Zulip Chat Archive

Stream: Is there code for X?

Topic: tensor product of a complex by module

Sarah El Boustany (Nov 19 2025 at 16:05):

Is there code for the tensor product of a complex by module?

Kevin Buzzard (Nov 19 2025 at 16:14):

Can you be more precise? Is the complex a complex of modules for the same ring? Is the ring commutative? (i.e. is the tensor product also a complex of modules or a complex of abelian groups)?

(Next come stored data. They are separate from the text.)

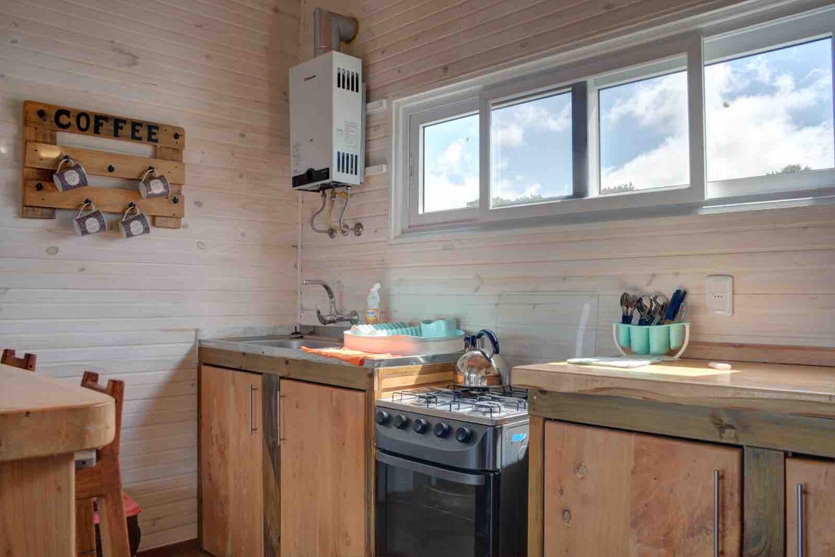Potpuno opremljena kuhinja; mikrotalasna pećnica, frižider-zamrzivač, kuhinja sa rernom, topla voda, dobro osvetljenje, veoma moderno. Dnevna soba sa foteljom, radiom, 40-inčnim pametnim TV-om, klima-uređajem Spoljašnja terasa, suncobran od 3 metra, sto, stolice, roštilj na drva ili ugalj Drvena terasa sa krovom oko celog objekta, za prijatniji boravak. Glavna spavaća soba sa somijerom, kupatilo u sklopu sobe. Kupatilo ukrašeno prirodnim kamenom, umivaonik i fiksni stakleni paravan, dodaci u odnosu na bezbednost i udobnost
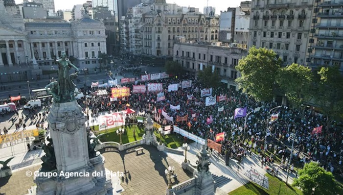 Masiva movilización en Argentina frente al Congreso Nacional, los jubilados llenaron la plaza acompañados por organizaciones sociales y gremios que se sumaron a la tradicional marcha de los miércoles. Se replicó en todo el país. Esta vez, el gobierno de Milei no reprimió.
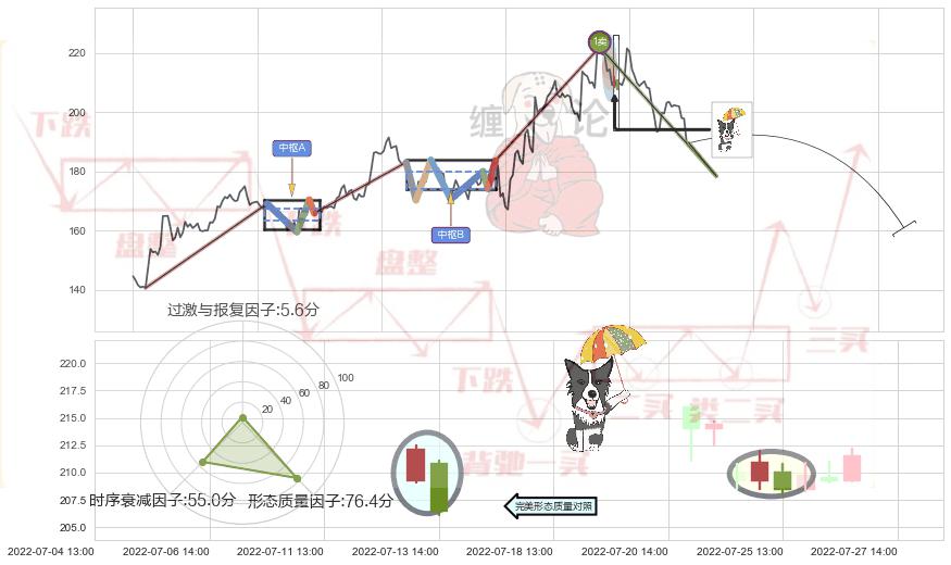 ➢ 🕰 价格走势在2022-07-14 13:00:00至2022-07-18 13:00:00期间形成高档五阴线,残存影响值:-1.01
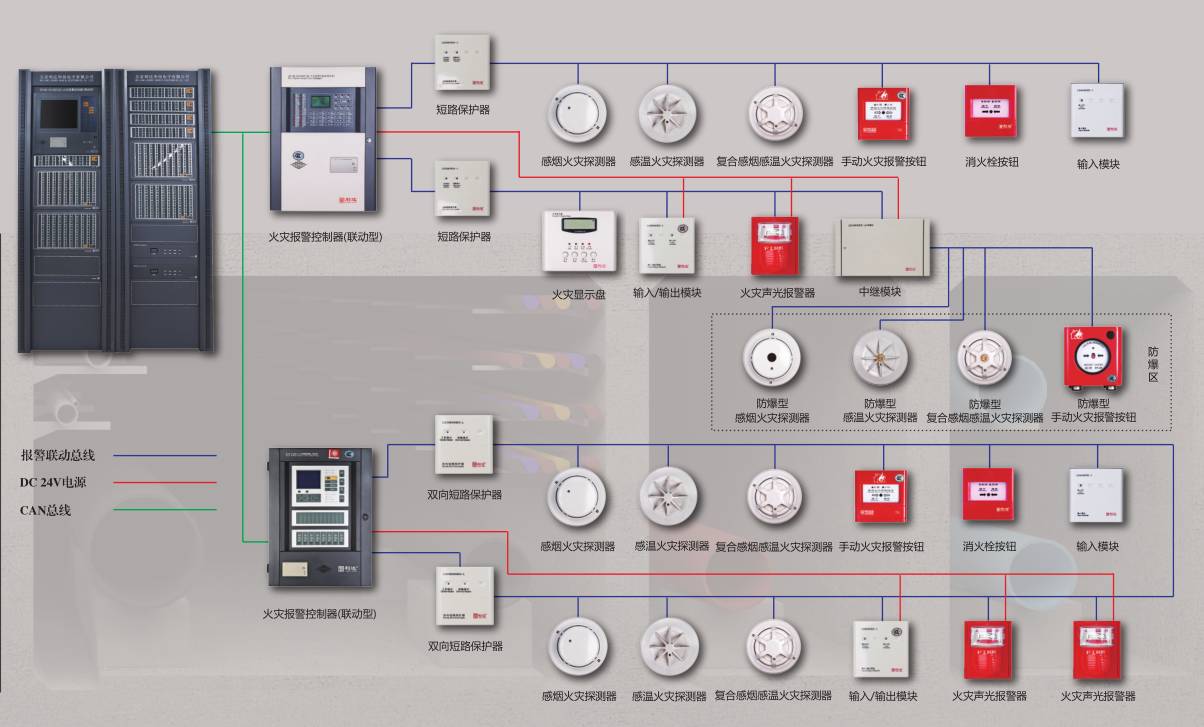 火災(zāi)自動報警系統(tǒng)是探測火災(zāi)早期特征、發(fā)出火災(zāi)報警信號,為人員疏散、防止火災(zāi)蔓延和啟動自動滅火設(shè)備提供控制與指示的消防系統(tǒng)。火災(zāi)自動報警系統(tǒng)由集中報警控制器、消防控制室圖形顯示裝置、聯(lián)動控制盤、區(qū)域火災(zāi)報警控制器、氣體滅火控制器、感煙火災(zāi)探測器、纜式線型感溫火災(zāi)探測器(感溫電纜)、手動火災(zāi)報警按鈕、火災(zāi)聲光報警器、輸入模塊、輸出模塊等組成。實現(xiàn)本報警區(qū)域內(nèi)的火災(zāi)檢測及相關(guān)設(shè)備的聯(lián)動控制。
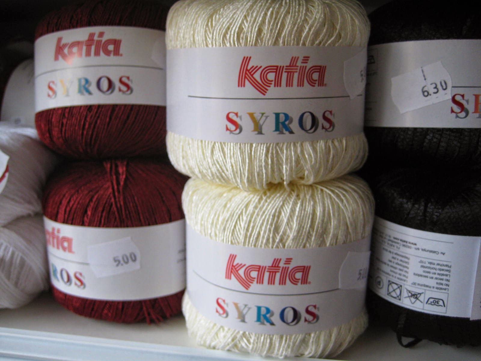 Syros ja Sevilla ovat keinokuitulankoja, joita tilasin varta vasten tölkkinipsutöitä varten.
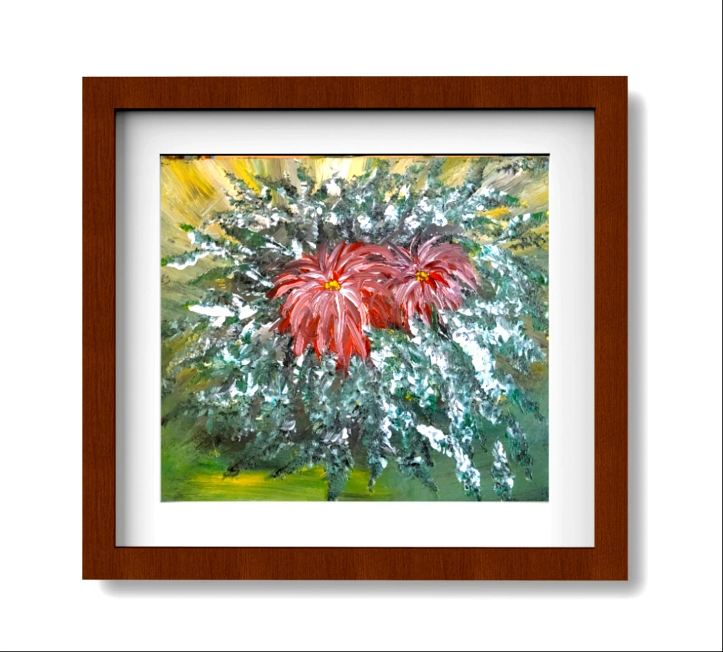 This is an original acrylic painting depicting two vibrant red flowers amongst lush green foliage, with accents of white. It's rendered in a thick impasto style. The artwork is painted on a wood slab and unframed. It's a beautiful piece to add to home's decor or give as a gift.
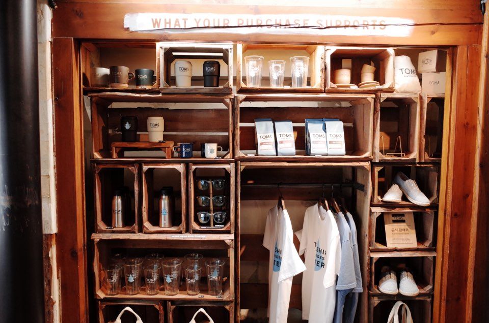 저희가 탐스에서 구매하는 티셔츠, 백팩, 원두 등이

I am only asking these questions because I don't know the answer to your question in any of these situations :-/ but formalization will care.

Sarah El Boustany (Nov 19 2025 at 16:23):

Specifically, I am looking at $k$ a commutative ring, $A$ a $k$ -algebra, $M$ an $A$ -bimodule (equivalently a right module over the enveloping algebra of $A$ ), and I want to tensor the bar resolution of $A$ by $M$ over the enveloping algebra of $A$ . So it's a complex for the same ring, but the ring is not necessarily commutative (as far as I understand - I am still pretty new to this field)

Matthew Ballard (Nov 19 2025 at 16:26):

By enveloping in this context you mean $A^{\operatorname{op}} \otimes_k A$ , is that right?

Sarah El Boustany (Nov 19 2025 at 16:28):

Yes

Matthew Ballard (Nov 19 2025 at 16:35):

@Joël Riou will know best but docs#HomologicalComplex.coinvariantsTensorObj is a good place to start poking around

Sarah El Boustany (Nov 19 2025 at 16:35):

Thank you very much!

Joël Riou (Nov 19 2025 at 16:43):

We have the alternating (co)face map complex of a (co)simplicial object https://leanprover-community.github.io/mathlib4_docs/Mathlib/AlgebraicTopology/AlternatingFaceMapComplex.html but I do not think we have the simplicial object which sends n to the (n +1) tensor power of the k-algebra A.

Sarah El Boustany (Nov 19 2025 at 16:44):

Thank you, I will look into this tomorrow!

Last updated: Dec 20 2025 at 21:32 UTC